Micelio
11415(16-02-99)Corte Suprema de Justicia · Sala Laboral1999

Magistrado ponente: José Roberto Herrera Vergara

Ley 16 de 1969Ley 50 de 1990

CORTE SUPREMA DE JUSTICIA CORTE SUPREMA DE JUSTICIA SALA DE CASACIÓN LABORAL MAGISTRADO DR. JOSÉ ROBERTO HERRERA VERGARA Referencia Expediente No.11415 Acta No. 6 Santafé, de Bogotá, D.E., dieciseis (16) de febrero de mil novecientos noventa y nueve (1999). Decide la Corte el recurso de casación interpuesto por la sociedad EMBOTELLADORA DE IBAGUÉ S. A. contra la sentencia proferida por el Tribunal Superior del Distrito Judicial de Ibagué el 28 de mayo de 1998 en el juicio seguido contra la recurrente por SERGIO HERNANDO PATIÑO MARULANDA.

I.- ANTECEDENTES El señor SERGIO HERNANDO PATIÑO MARULANDA demandó a la sociedad EMBOTELLADORA DE IBAGUÉ S. A. para que previo el trámite del proceso ordinario fuera condenada de manera principal a reintegrar al demandante con el consecuente pago de salarios con los aumentos legales y convencionales desde la fecha de la desvinculación hasta el efectivo reintegro, la indexación de todas las sumas de dinero y costas.

De manera subsidiaria, el reconocimiento y pago de la indemnización por despido, las cotizaciones al I S S desde el despido hasta que complete el número mínimo de semanas para adquirir el derecho a la pensión de vejez, la indexación de las sumas de dinero adeudadas y costas. Afirmó el demandante que laboró entre el 10 de marzo de 1980 y el 10 de noviembre de 1993, fecha ésta en que fue despedido, cuando percibía un promedio mensual de $350.503,oo.

Que la empleadora invocó para el despido, la falta de labor del actor el 1º de noviembre de 1993, sin justificación alguna, pese a que se le había informado oportunamente el requerimiento de sus servicios, pero que la conducta tildada de irregular no existió porque debía habérsele notificado previamente por escrito, como lo exige la cláusula cuarta del contrato de trabajo, y tal comunicación no existió. Hizo énfasis en la ausencia de llamados de atención o sanciones al trabajador en el desempeño de sus labores.

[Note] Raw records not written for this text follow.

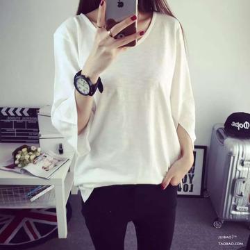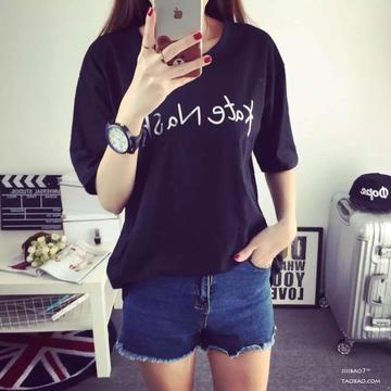 韓國東大門夏季新款 百搭時尚簡約字母純棉寬松圓領(lǐng)短袖T恤女 /
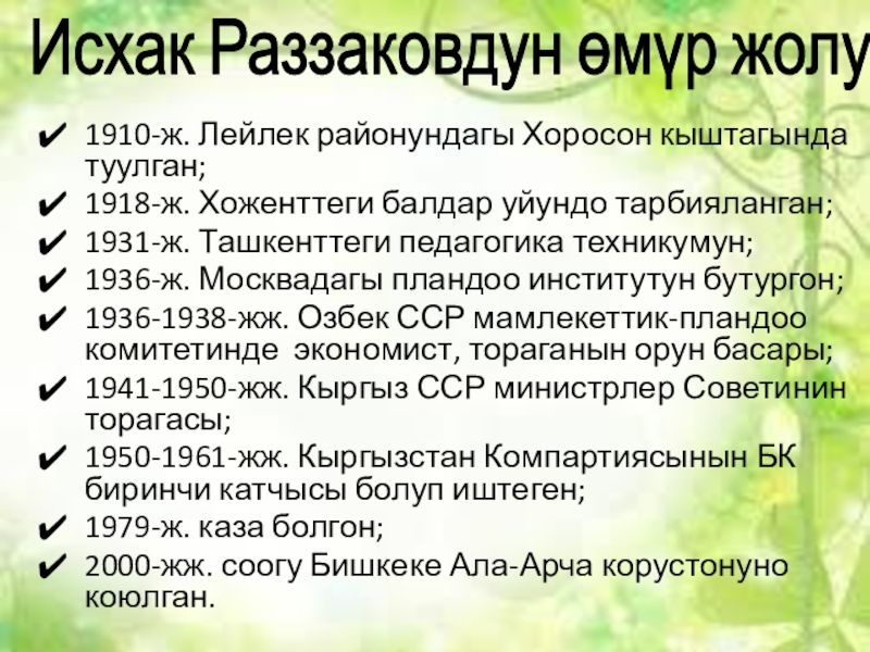 Слайд 6Исхак Раззаковдун өмүр жолу
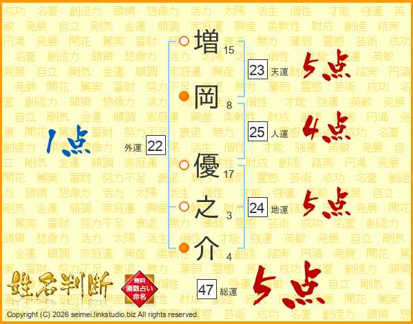 増(15画)岡(8画) 優(17画)之(3画)介(4画)
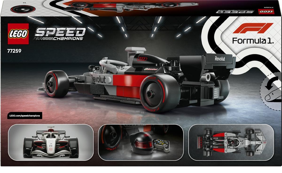 - Bolid Audi Revolut F1® Team — zestaw LEGO® Speed Champions Bolid Audi Revolut F1 Team R26 dla fanów motoryzacji w wieku od 10 lat do budowania, eksponowania i odgrywania wyścigów Formuły 1®
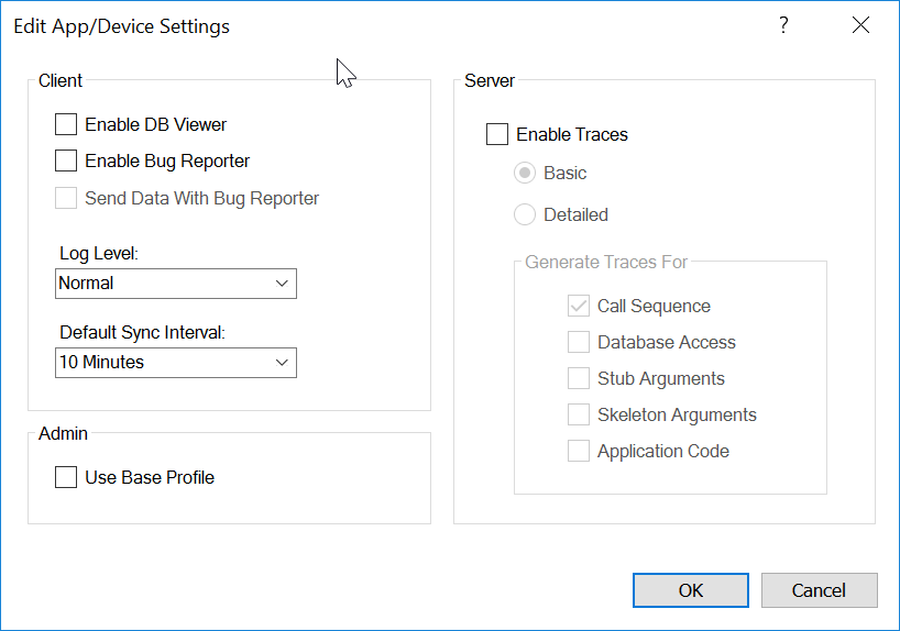 The Edit App/Device Settings allows for the configuring of the client, server and admin settings.
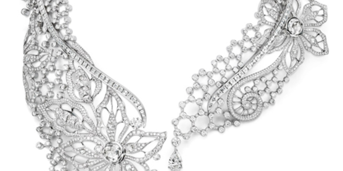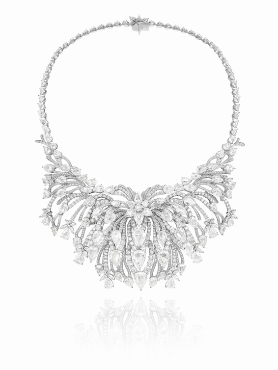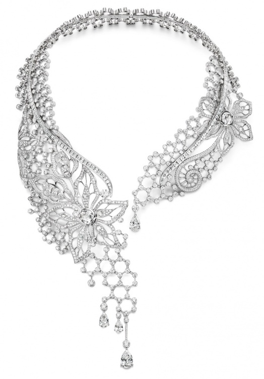 إخترنا أيضا قلادة "بياجيه Piaget" تعرف باسم قلادة "كوتور بريسيوز Couture Precieuse ". وقد جاء تصميم هذه القلادة مبتكرا جدا على شكل تطريزات مزخرفة بفصوص ماسية؛ حيث تمت صياغتها في أروع و اجمل حلة لها من الذهب الأبيض. شكل القلادة جميل للغاية بفضل الأسلوب المميز في تشكيل الأزهار و تطعيمها بالفصوص الماسية البرلنتية و المستطيلة والكمثرية و قطع "روز Rose-cut" في تنسيق جميل ومذهل للغاية.

La demandada dio respuesta, oponiéndose a todas las pretensiones. Adujo que el actor sí estaba enterado verbalmente en la reunión diaria de proveedores de su obligación de laborar el festivo 1º de noviembre de 1993 y que no existe obligación para el empleador de notificar por escrito el cumplimiento de ese deber y por el contrario según cláusula octava del contrato de trabajo la no prestación del servicio sin justificación si constituye justa causa para el despido.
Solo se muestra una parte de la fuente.